> [Exercise goal]
Quote exactly and only this range of lines in the data below: the line that holds "(通讯员 王玉鹏 武淑钰" to the line that holds "ここからは、CVR改善に取り組む具体的な利点を解説します。", both included.

> [Data]
-- Opening Marker --

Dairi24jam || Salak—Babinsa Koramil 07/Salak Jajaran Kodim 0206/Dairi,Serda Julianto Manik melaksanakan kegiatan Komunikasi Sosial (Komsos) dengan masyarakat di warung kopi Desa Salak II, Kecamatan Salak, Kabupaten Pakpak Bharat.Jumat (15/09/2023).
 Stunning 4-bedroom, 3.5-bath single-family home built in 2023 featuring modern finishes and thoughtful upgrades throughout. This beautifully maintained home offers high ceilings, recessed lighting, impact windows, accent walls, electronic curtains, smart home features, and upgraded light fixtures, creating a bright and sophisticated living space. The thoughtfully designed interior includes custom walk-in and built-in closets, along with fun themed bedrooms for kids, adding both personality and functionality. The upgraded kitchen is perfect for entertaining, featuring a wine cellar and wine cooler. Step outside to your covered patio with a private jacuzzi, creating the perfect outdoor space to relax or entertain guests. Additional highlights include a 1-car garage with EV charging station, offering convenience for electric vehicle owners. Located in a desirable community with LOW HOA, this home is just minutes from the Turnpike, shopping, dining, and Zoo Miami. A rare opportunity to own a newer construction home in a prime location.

-- Closing Marker --
-- Opening Marker --

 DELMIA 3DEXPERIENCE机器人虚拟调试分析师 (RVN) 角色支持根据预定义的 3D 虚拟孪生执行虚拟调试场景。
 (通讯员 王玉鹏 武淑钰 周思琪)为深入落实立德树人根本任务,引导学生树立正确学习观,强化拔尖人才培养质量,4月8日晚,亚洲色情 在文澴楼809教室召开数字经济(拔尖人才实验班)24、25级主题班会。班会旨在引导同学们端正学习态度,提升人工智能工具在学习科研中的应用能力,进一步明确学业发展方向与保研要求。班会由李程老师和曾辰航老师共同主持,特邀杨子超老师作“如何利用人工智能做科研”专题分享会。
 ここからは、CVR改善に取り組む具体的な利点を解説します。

-- Closing Marker --

> [Worked solution]
 (通讯员 王玉鹏 武淑钰 周思琪)为深入落实立德树人根本任务,引导学生树立正确学习观,强化拔尖人才培养质量,4月8日晚,亚洲色情 在文澴楼809教室召开数字经济(拔尖人才实验班)24、25级主题班会。班会旨在引导同学们端正学习态度,提升人工智能工具在学习科研中的应用能力,进一步明确学业发展方向与保研要求。班会由李程老师和曾辰航老师共同主持,特邀杨子超老师作“如何利用人工智能做科研”专题分享会。
 ここからは、CVR改善に取り組む具体的な利点を解説します。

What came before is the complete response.